(Dataset items)
——————————
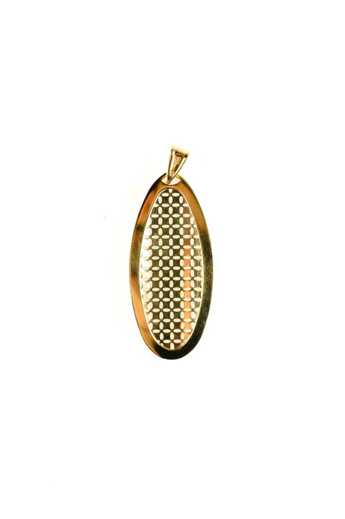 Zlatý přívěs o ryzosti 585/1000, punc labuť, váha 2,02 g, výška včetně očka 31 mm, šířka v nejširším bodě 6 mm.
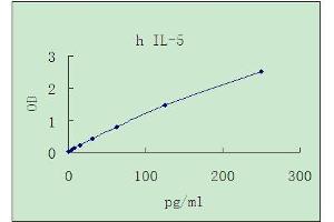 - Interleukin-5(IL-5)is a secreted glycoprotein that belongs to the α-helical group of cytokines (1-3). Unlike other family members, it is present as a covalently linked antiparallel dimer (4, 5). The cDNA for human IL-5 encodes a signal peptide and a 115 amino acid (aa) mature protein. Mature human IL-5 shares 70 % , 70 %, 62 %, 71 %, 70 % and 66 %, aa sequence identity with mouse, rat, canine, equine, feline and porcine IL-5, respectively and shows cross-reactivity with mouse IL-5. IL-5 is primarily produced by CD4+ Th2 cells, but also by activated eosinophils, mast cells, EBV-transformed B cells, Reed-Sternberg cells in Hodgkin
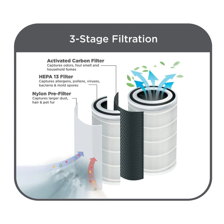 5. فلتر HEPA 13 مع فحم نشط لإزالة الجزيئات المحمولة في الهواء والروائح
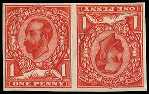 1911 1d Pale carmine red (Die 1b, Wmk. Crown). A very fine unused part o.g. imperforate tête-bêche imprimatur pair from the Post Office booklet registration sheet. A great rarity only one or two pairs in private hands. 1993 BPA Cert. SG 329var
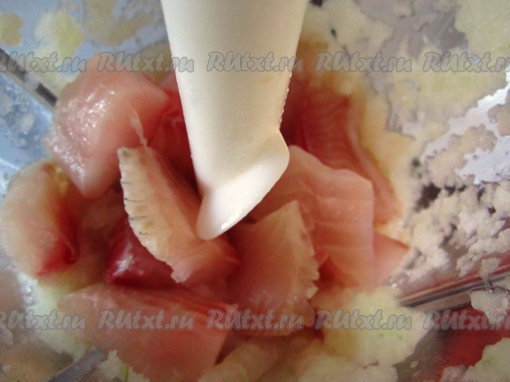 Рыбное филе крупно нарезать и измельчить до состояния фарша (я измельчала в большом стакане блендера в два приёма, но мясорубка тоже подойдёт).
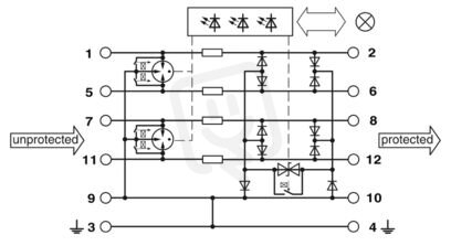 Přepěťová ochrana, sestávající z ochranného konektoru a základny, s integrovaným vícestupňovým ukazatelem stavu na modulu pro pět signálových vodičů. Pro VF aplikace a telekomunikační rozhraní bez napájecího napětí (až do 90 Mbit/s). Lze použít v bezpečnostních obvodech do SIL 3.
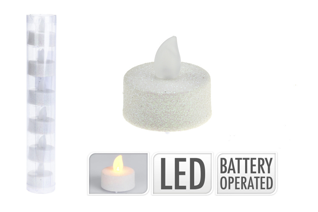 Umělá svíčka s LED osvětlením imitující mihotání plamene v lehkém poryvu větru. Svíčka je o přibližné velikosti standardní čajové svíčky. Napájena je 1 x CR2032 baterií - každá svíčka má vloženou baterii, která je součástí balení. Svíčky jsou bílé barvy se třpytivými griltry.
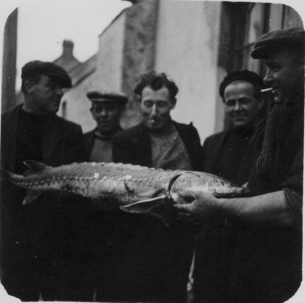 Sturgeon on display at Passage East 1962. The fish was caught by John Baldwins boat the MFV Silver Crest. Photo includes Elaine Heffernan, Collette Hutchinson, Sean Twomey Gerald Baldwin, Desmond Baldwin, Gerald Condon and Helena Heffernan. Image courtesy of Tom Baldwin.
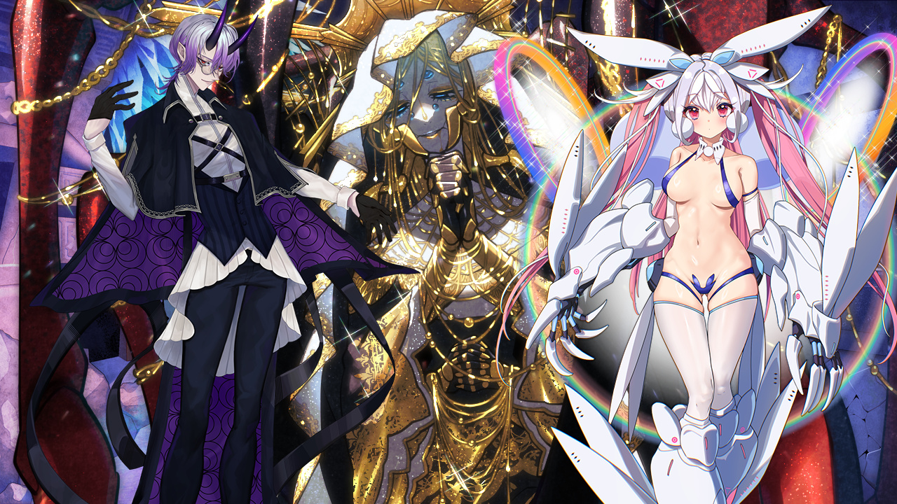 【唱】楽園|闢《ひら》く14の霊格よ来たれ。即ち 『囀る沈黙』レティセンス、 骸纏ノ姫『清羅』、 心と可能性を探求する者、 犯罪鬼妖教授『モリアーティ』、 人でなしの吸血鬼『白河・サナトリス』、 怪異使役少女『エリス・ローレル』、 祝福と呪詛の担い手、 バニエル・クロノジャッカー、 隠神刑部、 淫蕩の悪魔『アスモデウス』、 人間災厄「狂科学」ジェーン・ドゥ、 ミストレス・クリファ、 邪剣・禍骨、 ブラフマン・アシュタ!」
——————————
What you are asked to do:
Each entry shown above must be quoted exactly, with its pictures left out.

Answer below:
 Zlatý přívěs o ryzosti 585/1000, punc labuť, váha 2,02 g, výška včetně očka 31 mm, šířka v nejširším bodě 6 mm.
 - Interleukin-5(IL-5)is a secreted glycoprotein that belongs to the α-helical group of cytokines (1-3). Unlike other family members, it is present as a covalently linked antiparallel dimer (4, 5). The cDNA for human IL-5 encodes a signal peptide and a 115 amino acid (aa) mature protein. Mature human IL-5 shares 70 % , 70 %, 62 %, 71 %, 70 % and 66 %, aa sequence identity with mouse, rat, canine, equine, feline and porcine IL-5, respectively and shows cross-reactivity with mouse IL-5. IL-5 is primarily produced by CD4+ Th2 cells, but also by activated eosinophils, mast cells, EBV-transformed B cells, Reed-Sternberg cells in Hodgkin
 5. فلتر HEPA 13 مع فحم نشط لإزالة الجزيئات المحمولة في الهواء والروائح
 1911 1d Pale carmine red (Die 1b, Wmk. Crown). A very fine unused part o.g. imperforate tête-bêche imprimatur pair from the Post Office booklet registration sheet. A great rarity only one or two pairs in private hands. 1993 BPA Cert. SG 329var
 Рыбное филе крупно нарезать и измельчить до состояния фарша (я измельчала в большом стакане блендера в два приёма, но мясорубка тоже подойдёт).
 Přepěťová ochrana, sestávající z ochranného konektoru a základny, s integrovaným vícestupňovým ukazatelem stavu na modulu pro pět signálových vodičů. Pro VF aplikace a telekomunikační rozhraní bez napájecího napětí (až do 90 Mbit/s). Lze použít v bezpečnostních obvodech do SIL 3.
 Umělá svíčka s LED osvětlením imitující mihotání plamene v lehkém poryvu větru. Svíčka je o přibližné velikosti standardní čajové svíčky. Napájena je 1 x CR2032 baterií - každá svíčka má vloženou baterii, která je součástí balení. Svíčky jsou bílé barvy se třpytivými griltry.
 Sturgeon on display at Passage East 1962. The fish was caught by John Baldwins boat the MFV Silver Crest. Photo includes Elaine Heffernan, Collette Hutchinson, Sean Twomey Gerald Baldwin, Desmond Baldwin, Gerald Condon and Helena Heffernan. Image courtesy of Tom Baldwin.
 【唱】楽園|闢《ひら》く14の霊格よ来たれ。即ち 『囀る沈黙』レティセンス、 骸纏ノ姫『清羅』、 心と可能性を探求する者、 犯罪鬼妖教授『モリアーティ』、 人でなしの吸血鬼『白河・サナトリス』、 怪異使役少女『エリス・ローレル』、 祝福と呪詛の担い手、 バニエル・クロノジャッカー、 隠神刑部、 淫蕩の悪魔『アスモデウス』、 人間災厄「狂科学」ジェーン・ドゥ、 ミストレス・クリファ、 邪剣・禍骨、 ブラフマン・アシュタ!」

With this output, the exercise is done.